# Diagrama monitor MARKVISION



## refraiba (Sep 5, 2005)

HOLA AMIGOS: mi consulta es si alguien tiene diagrama de un monitor marca MARKVISION. Desde ya le doy la gracias . Hoy es mi primer día el foro, Esto pinta ser ESPECTACULAR!!!.

El refraiba.


----------



## Marcelo (Sep 5, 2005)

Saludos Refraiba

Fíjate si esta dirección tiene lo que estás buscando. Es el manual de servicio de un optiquest markvision pero como no publicas el modelo, no se.
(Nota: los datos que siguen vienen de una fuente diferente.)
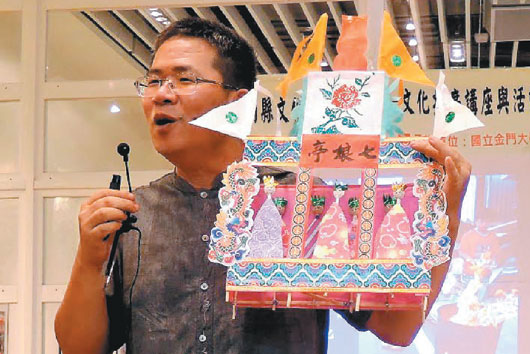 金門民俗專家林金榮經常以「七娘亭」為題,到社區開講,講解這項逐漸式微的傳統技藝。

http://www.eserviceinformación.com/downloadsm/18098/Optiquest_DA-456.html

Debajo en la ficha aparece un letrero que dice "Multipart:". Debes bajar los 4 archivos .rar (vas a necesitar el winrar) son 7 Mb en total.

Saludos.

Marcelo.


----------



## refraiba (Sep 10, 2005)

Marcelo, Amigo te pido las disculpas del caso ya que cometí un error de importancia. Solicitar ayuda sin especificar bien a que modelo hacia referencia. Impecable lo suyo es ese mismo modelo el que tengo.

Sepan disculparme colegas, soy novato en esto de trabajar con ayuda,a traves de internet. Nuevamente gracias a todos y espero ser de ayuda.

Saluda el refraiba.


----------